Fifty three of the 105 regulations issued during the relevant review period are minor or technical in nature and generated minimal public comment. To ensure a comprehensive review, Treasury treated the remaining 52 regulations as potentially significant and reexamined all of them for the purpose of formulating the interim report.[4]

Based on that reexamination, Treasury has identified regulations that meet the criteria of the President’s order and qualify as significant in view of the Presidential priorities for tax regulation outlined in Executive Order 13789.[5]


Treasury has concluded that the following eight regulations meet at least one of the first two criteria specified by Section 2 of Executive Order 13789. Consistent with the order, Treasury intends to propose reforms—potentially ranging from streamlining problematic rule provisions to full repeal—to mitigate the burdens of these regulations in a final report submitted to the President.

  1. Proposed Regulations under Section 103 on Definition of Political Subdivision (REG–129067–15; 81 F.R. 8870)

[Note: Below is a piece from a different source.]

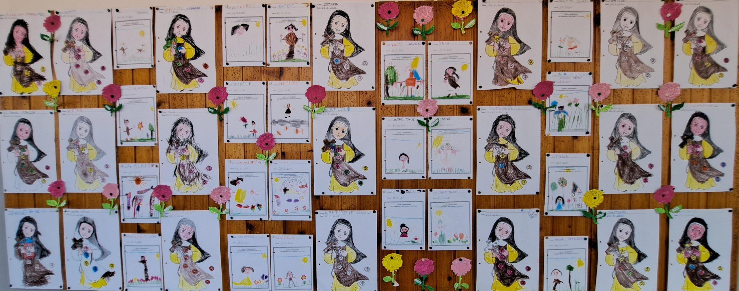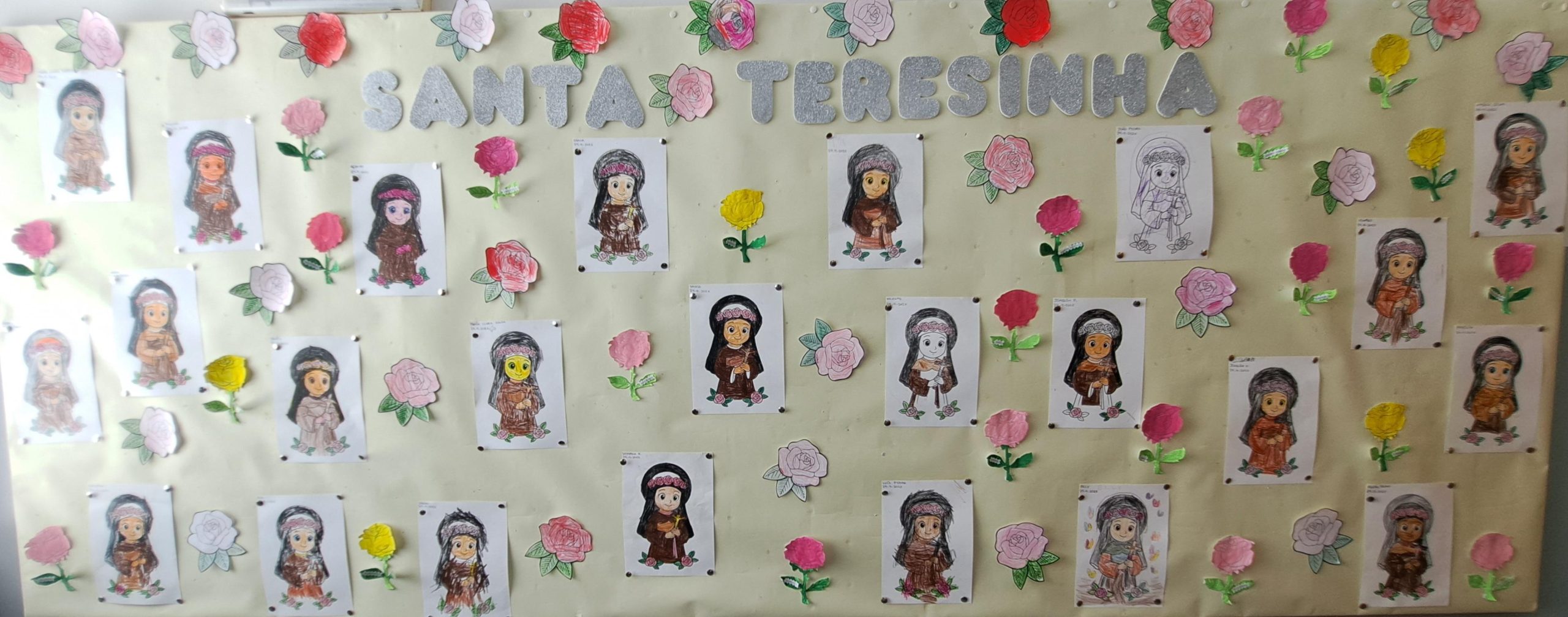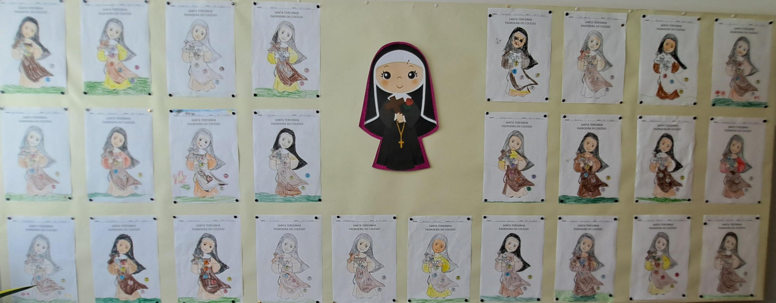 Também os alunos do pré-escolar homenagearam a Santa, realizando atividades diversificadas, tais como desenhos e pinturas sobre a vida da nossa padroeira. Aprenderam o refrão do “Hino de Santa teresinha” e assistiram a uma história, através da técnica dos fantoches, contada pelas educadoras.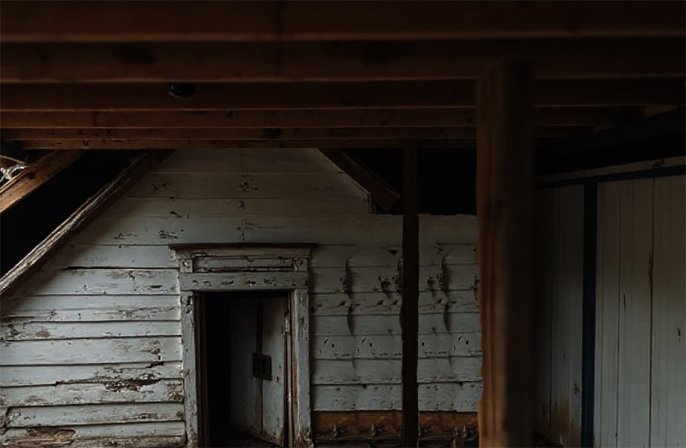 A slanted roof pressed nearly against the attic beams above it. The scale felt impossible. “This, this shouldn’t be here.”

These proposed regulations define a “political subdivision” of a State (e.g., a city or county) that is eligible to issue tax-exempt bonds for governmental purposes under Section 103 of the Internal Revenue Code. The proposed regulations require a political subdivision to possess three attributes: (i) sovereign powers; (ii) a governmental purpose; and (iii) governmental control. Commenters stated that the longstanding “sovereign powers” standard was settled law and had been endorsed by Congress, and additional limitations were unnecessary. Commenters also stated that the proposed regulations would disrupt the status of numerous existing entities and that it would be burdensome and costly for issuers to revise their organizational structures to meet the new requirements of the proposed regulations.

  1. Temporary Regulations under Section 337(d) on Certain Transfers of Property to Regulated Investment Companies (RICs) and Real Estate Investment Trusts (REITs) (T.D. 9770; 81 F.R. 36793)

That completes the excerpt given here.